- **Task to complete**: Print the records below exactly. Omit every picture.

- **Given information**:

[Start of Attachment]

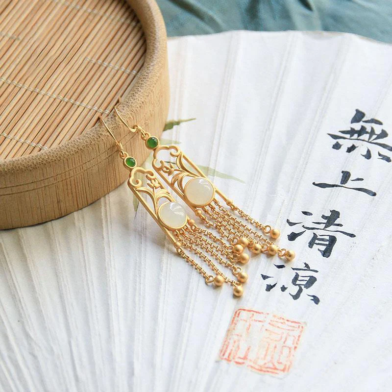 Новые дизайнерские длинные серьги из натурального белого нефрита с бахромой из магнолии китайские яркие Ретро Женские брендовые ювелирные изделия
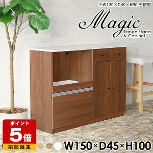 magic レンジ台×キャビネット W150×D45×H100 木目サイズサイズ:約幅1500 奥行き450 高さ1000 mm材質[天板・スライド棚]メラミン樹脂化粧合板[前板]ブラウン・ダークブラウン・チーク/デルナチュレ化粧合板...
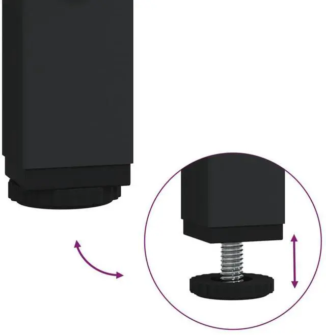 Adjustable feet: The adjustable feet with plastic pads keep the standing desk balanced on uneven ground and increase stability.
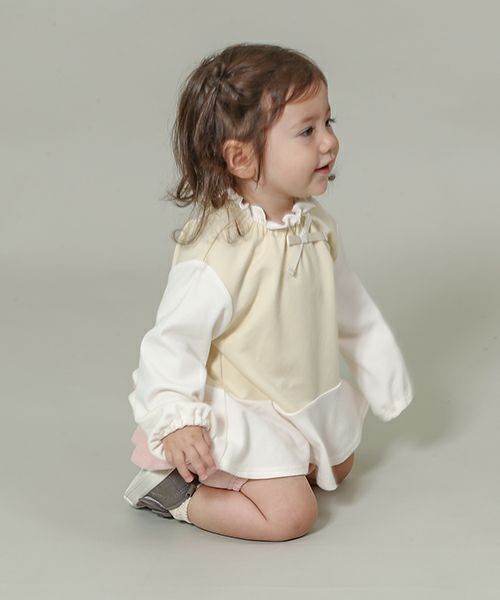 ■素材 前後見頃部分/綿96%・ポリウレタン4% 袖・フリル布部分/綿100%
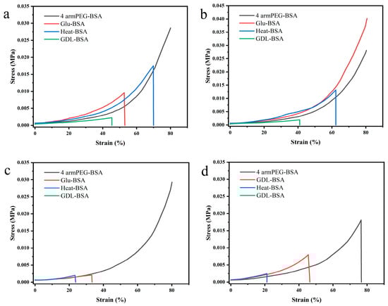 Stress–strain curves of Tetra-PEG-BSA, GLU-BSA, HT-BSA, and GDL-BSA hydrogels after swelling in (a) water, (b) 4 mol/L Gdn HCl solution, (c) 8 mol/L urea solution, and (d) 20 mmol/L SDS solution.
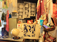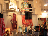 クセがある商品を手に取ってもらうには、モチベーションが高いお客さんに来てもらうことが不可欠と考え、あえてふらりと入りにくい地下の物件を選んだ。内装は、配管がむき出しの天井や、手塗りの凹凸のある内壁、少しペンキが剥がれかかった床など、どこか退廃的な雰囲気。全ての商品がまんべんなく見られるよう、すべての商品を畳まずに天井から吊るしてディスプレイしている。
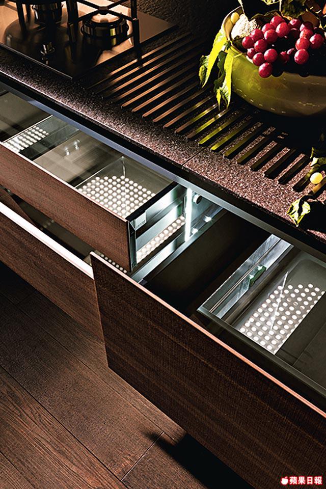 ValcucineNoceTattile長達三米的玻璃廚櫃,以強化玻璃作框架,在廚櫃界中少有,皆因這種設計講求非常高的準確度及堅固度才能做得到。以玻璃作物料,除通透型格外,可減少使用膠水,有助減少甲醛排放,而且物料能循環再用,兼具防濕防潮,堅實抗刮,很適合香港的潮濕天氣。(91×362cm)約$60萬/a

[End of Attachment]

- **Output of the task**:
 Новые дизайнерские длинные серьги из натурального белого нефрита с бахромой из магнолии китайские яркие Ретро Женские брендовые ювелирные изделия
 magic レンジ台×キャビネット W150×D45×H100 木目サイズサイズ:約幅1500 奥行き450 高さ1000 mm材質[天板・スライド棚]メラミン樹脂化粧合板[前板]ブラウン・ダークブラウン・チーク/デルナチュレ化粧合板...
 Adjustable feet: The adjustable feet with plastic pads keep the standing desk balanced on uneven ground and increase stability.
 ■素材 前後見頃部分/綿96%・ポリウレタン4% 袖・フリル布部分/綿100%
 Stress–strain curves of Tetra-PEG-BSA, GLU-BSA, HT-BSA, and GDL-BSA hydrogels after swelling in (a) water, (b) 4 mol/L Gdn HCl solution, (c) 8 mol/L urea solution, and (d) 20 mmol/L SDS solution.
 クセがある商品を手に取ってもらうには、モチベーションが高いお客さんに来てもらうことが不可欠と考え、あえてふらりと入りにくい地下の物件を選んだ。内装は、配管がむき出しの天井や、手塗りの凹凸のある内壁、少しペンキが剥がれかかった床など、どこか退廃的な雰囲気。全ての商品がまんべんなく見られるよう、すべての商品を畳まずに天井から吊るしてディスプレイしている。
 ValcucineNoceTattile長達三米的玻璃廚櫃,以強化玻璃作框架,在廚櫃界中少有,皆因這種設計講求非常高的準確度及堅固度才能做得到。以玻璃作物料,除通透型格外,可減少使用膠水,有助減少甲醛排放,而且物料能循環再用,兼具防濕防潮,堅實抗刮,很適合香港的潮濕天氣。(91×362cm)約$60萬/a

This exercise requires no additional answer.